■ Task requirements ■
A verbatim repeat of the lines below is required, with the pictures removed.

■ Available data ■
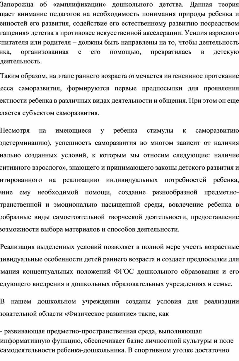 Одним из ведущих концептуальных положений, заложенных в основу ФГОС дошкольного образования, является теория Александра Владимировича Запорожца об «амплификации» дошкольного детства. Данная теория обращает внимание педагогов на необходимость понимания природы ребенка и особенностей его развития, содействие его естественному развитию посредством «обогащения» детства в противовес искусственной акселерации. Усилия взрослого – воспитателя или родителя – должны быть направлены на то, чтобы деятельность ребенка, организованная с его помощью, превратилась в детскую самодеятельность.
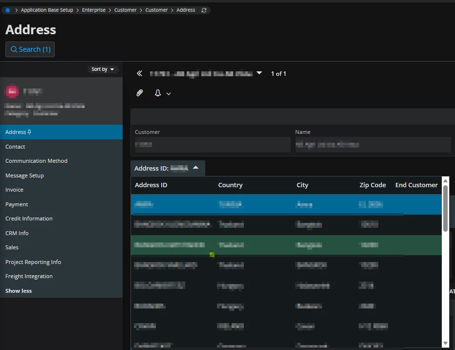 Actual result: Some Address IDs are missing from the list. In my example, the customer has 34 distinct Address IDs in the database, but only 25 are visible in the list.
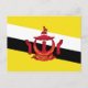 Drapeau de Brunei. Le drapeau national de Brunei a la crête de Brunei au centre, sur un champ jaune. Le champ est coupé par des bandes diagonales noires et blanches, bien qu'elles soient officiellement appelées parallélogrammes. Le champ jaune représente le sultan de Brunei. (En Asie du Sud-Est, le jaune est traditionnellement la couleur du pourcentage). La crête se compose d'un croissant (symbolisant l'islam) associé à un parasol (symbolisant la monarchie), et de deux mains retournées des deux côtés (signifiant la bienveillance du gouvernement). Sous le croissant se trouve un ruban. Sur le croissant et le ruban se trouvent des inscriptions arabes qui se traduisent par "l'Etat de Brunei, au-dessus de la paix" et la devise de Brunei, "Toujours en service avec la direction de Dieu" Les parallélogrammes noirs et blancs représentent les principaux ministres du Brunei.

■ Solution for this task ■
 Одним из ведущих концептуальных положений, заложенных в основу ФГОС дошкольного образования, является теория Александра Владимировича Запорожца об «амплификации» дошкольного детства. Данная теория обращает внимание педагогов на необходимость понимания природы ребенка и особенностей его развития, содействие его естественному развитию посредством «обогащения» детства в противовес искусственной акселерации. Усилия взрослого – воспитателя или родителя – должны быть направлены на то, чтобы деятельность ребенка, организованная с его помощью, превратилась в детскую самодеятельность.
 Actual result: Some Address IDs are missing from the list. In my example, the customer has 34 distinct Address IDs in the database, but only 25 are visible in the list.
 Drapeau de Brunei. Le drapeau national de Brunei a la crête de Brunei au centre, sur un champ jaune. Le champ est coupé par des bandes diagonales noires et blanches, bien qu'elles soient officiellement appelées parallélogrammes. Le champ jaune représente le sultan de Brunei. (En Asie du Sud-Est, le jaune est traditionnellement la couleur du pourcentage). La crête se compose d'un croissant (symbolisant l'islam) associé à un parasol (symbolisant la monarchie), et de deux mains retournées des deux côtés (signifiant la bienveillance du gouvernement). Sous le croissant se trouve un ruban. Sur le croissant et le ruban se trouvent des inscriptions arabes qui se traduisent par "l'Etat de Brunei, au-dessus de la paix" et la devise de Brunei, "Toujours en service avec la direction de Dieu" Les parallélogrammes noirs et blancs représentent les principaux ministres du Brunei.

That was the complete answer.